The biggest challenge is the needed funds to match our aspirations.  Our current set of cities is highly inadequate.  In fact, most of the tier-2 and smaller cities are residential cities that were villages that just happened to grow over time, without any meaningful long-term planning. To upgrade them to be a viable business and industrial center will be expensive. Of the 12 elements of Smart, as I have defined, these cities rate low in practically all of them. To be globally competitive in supplying products and services, a significant improvement is needed.

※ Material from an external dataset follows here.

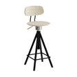 Taburet Atlas med ryg i lakeret stålstel og sæde belagt med højtrykslaminat i hvidpigmenteret eg. Hæve-sænkbar med gasregulering og vippefunktion for at få bedst mulig ergonomi. Passer godt til bordet i Atlas serien.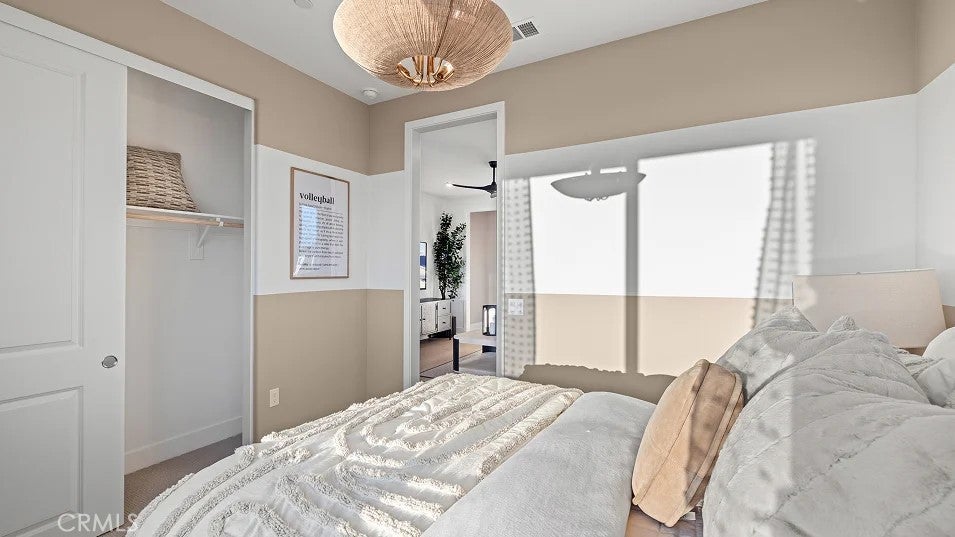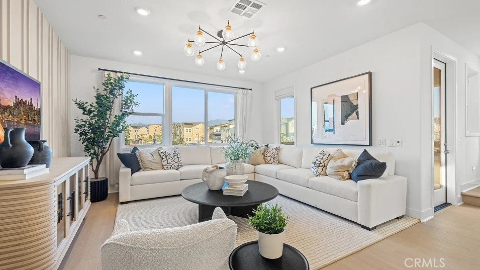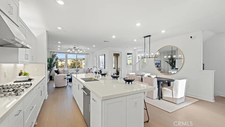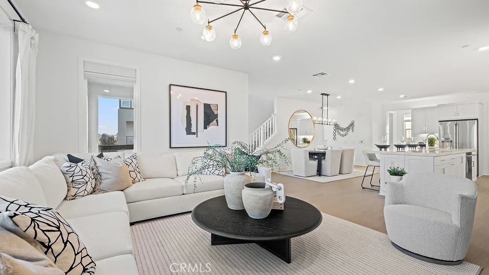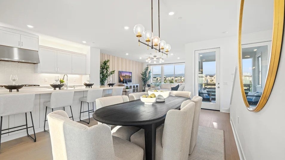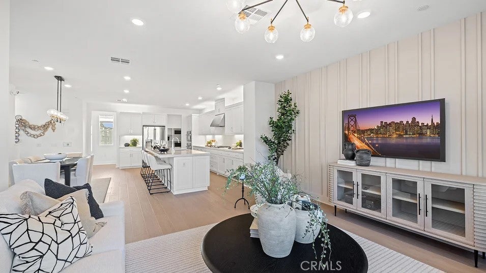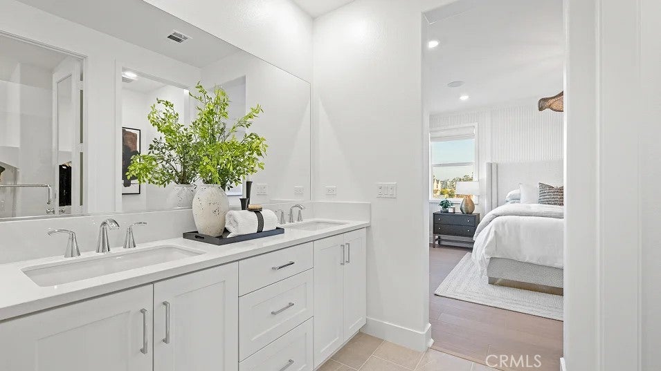 At Great Park's newest home collection RHEA, the plan 4 home features a rare dual primary suite layout, ideal for multi-generational living or a private home office. The second floor showcases an entertainer’s kitchen with an extra-long island, walk-in pantry, laundry room, and balcony. The third floor offers a spacious loft perfect for kids or media space, two secondary bedrooms, and a large primary suite. A flexible, well-designed home built for modern living. Just a short walk to a stunning 13-acre park. Beautiful and bright street-facing, CORNER location, offering easy guest parking.

We must find Smart ways of identifying projects and initiatives that provide the maximum impact on the cities.

We must assess the cost of providing the city services, the benefits and their impact on the environment.  In my book, I have used an example of Bhutan as a Smart country.  It uses technology but actively promotes living in equilibrium with nature’s processes, without causing environmental damages.

Great cities and well-planned, good-looking cities are not necessarily Smart cities and level of technology used is not a measurement of Smart.

Globally, most Smart city initiatives are incremental improvements enabled by technology.  We, however, need structural improvements that will cost significantly more.

What is the intention of your book and its relevance for Indian professionals?

Not just in India but professionals everywhere need an organized framework for dealing with Smart concepts and Smart cities.  I have set a specific set of definitions, methodologies, tools, and frameworks for dealing with all the aspects of Smart.  I have also covered the areas of the economics of Smart cities, the industry dynamics, measurement of Smart elements, and governance of Smart projects.  The beginning part of the book focuses on integrating the concepts of economics, development, sustainability, and technology.

The co-author of the book, Dr Igor Calzada, who teaches at the University of Oxford, has focused on social, economic and governance aspects, and brings the perspective from the academic research.  Professionals who are solution providers or those responsible for defining and delivering Smart projects from the private sector or the government, will find this book a master guide, helping in every step.  I also expect the academic community to use this as a textbook in teaching Smart Cities and Smart living.